Расхождение между двумя видами индивидуализма обнаруживается еще по двум пунктам, и здесь наиболее показательна та позиция, которую заняли лорд Актон и Токвиль по отношению к тенденциям, выступившим в то время на первый план, – их взгляды на соотношение демократии и равенства. Истинный индивидуализм не только верит в демократию, но вправе утверждать, что демократические идеалы происходят из основных принципов индивидуализма. Тем не менее, хотя индивидуализм утверждает, что всякое правление должно быть демократическим, у него нет суеверного преклонения перед всемогуществом решений большинства. В частности, он отказывается признать, что «абсолютная власть может – в случае получения ее из рук народа – быть столь же легитимной, как и конституционная свобода»[46]. Он убежден, что при демократии не менее, чем при любой другой форме правления, «сфера действия принудительных распоряжений должна быть ограничена жесткими рамками»[47]; он особенно враждебно относится к наиболее роковому и опасному из всех ходячих ложных представлений о демократии – убеждению, что нам надлежит принимать мнения большинства как истинные и обязательные для дальнейшего развития. Хотя демократия основывается на конвенции, что мнение большинства является решающим в отношении коллективных действий, отсюда не следует, что сегодняшнее мнение большинства должно приниматься всеми – даже если бы это оказалось необходимо для достижения целей большинства. Напротив, все оправдание демократии покоится на том факте, что с течением времени сегодняшнее мнение ничтожного меньшинства может стать мнением большинства. Я серьезно считаю, что один из наиболее важных вопросов, на который политической теории предстоит найти ответ в ближайшем будущем, состоит в том, чтобы нащупать демаркационную линию между теми сферами, где взгляды большинства должны быть обязывающими для всех, и теми, где, напротив, надо дать простор мнению меньшинства, если это может привести к результатам, лучше удовлетворяющим потребности людей. Помимо того, я убежден, что там, где затронуты интересы конкретной отрасли коммерции, мнение большинства всегда будет реакционным и косным и что достоинство конкуренции состоит именно в предоставлении меньшинству возможности восторжествовать. В тех случаях, когда меньшинство может достигать этого без какого-либо применения силы, оно всегда должно иметь такое право.

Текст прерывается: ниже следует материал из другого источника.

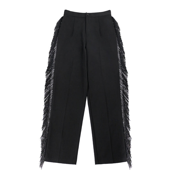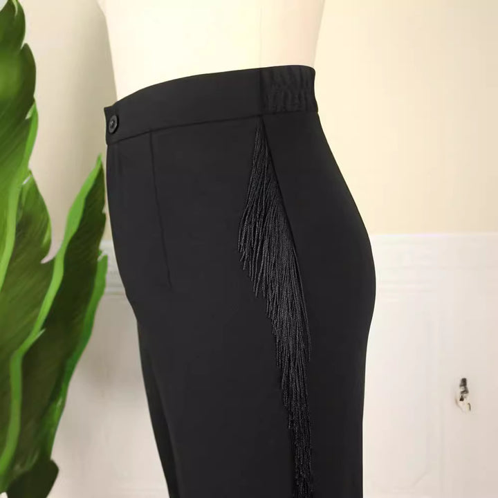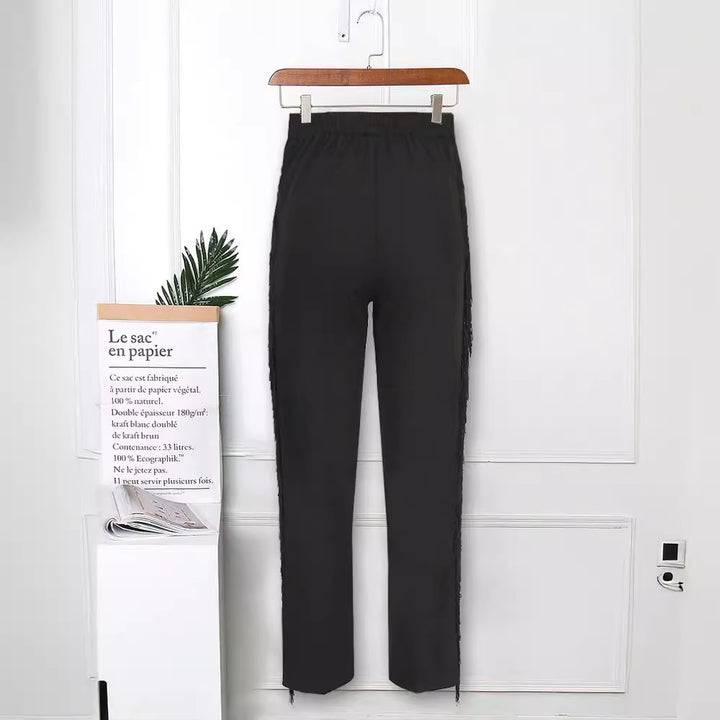 Breathable elastic high waist slim-fitting pants long pants fringed edge high elastic large size women's casual pants Slacks

Нет лучшего способа выразить общее отношение истинного индивидуализма к демократии, чем процитировать еще раз лорда Актона. Он писал: «Истинно демократический принцип, что никто не должен властвовать над народом, означает, что никто не сможет ограничить его власть или уклониться от нее. Истинно демократический принцип, что народ не должен принуждаться делать то, что ему не нравится, означает, что ему никогда не придется терпеть то, что ему не нравится. Истинно демократический принцип, что воля каждого человека должна быть освобождена от оков настолько, насколько возможно, означает, что свободная воля всего народа не будет скована ничем»[48].

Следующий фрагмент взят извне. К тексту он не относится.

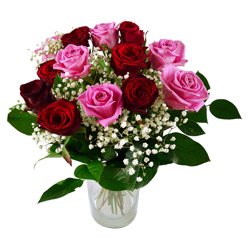 Состав : Роза премиум красная и розовая (13 шт.), зелень, упаковка.
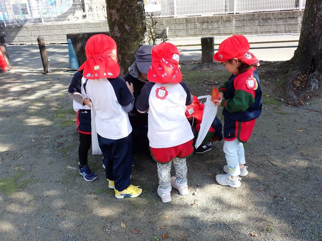 11月7日(金)木の実・落ち葉ひろい【年少組】 2025年11月7日 年少さんが、園の隣の有緝公園へ木の実、落ち葉ひろいに行きました。たくさんのどんぐりの実が落ちていてみんなは大喜びでした。落ち葉を集めてとばして喜んでいる人もいました。みんな生き生きと活動していました。「保護者専用ページ」に子どもたちの様子をアップしました。 前の記事 一覧へもどる

Однако, когда мы обращаемся к равенству, следует сразу сказать, что истинный индивидуализм не является эгалитарным в современном смысле слова. Он не видит причин пытаться делать всех людей равными – в отличие от того, чтобы обращаться с ними как с равными. Индивидуализм глубоко враждебен любым предписанным привилегиям, всякой защите – законом или силой – любых прав, не основанных на правилах, равно применимых ко всем людям; и он отказывает также правительству в праве налагать ограничения на то, чего может достичь талантливый или удачливый человек. Он равно враждебен любым попыткам жестко ограничивать положение, которого могут достигать индивиды – независимо от того, используется при этом власть для увековечения неравенства или для создания равенства. Его главный принцип заключается в том, что ни один человек или группа людей не должны обладать властью решать, каков должен быть статус другого человека, и он считает это настолько существенным условием свободы, что им недопустимо жертвовать для удовлетворения нашего чувства справедливости или нашей зависти.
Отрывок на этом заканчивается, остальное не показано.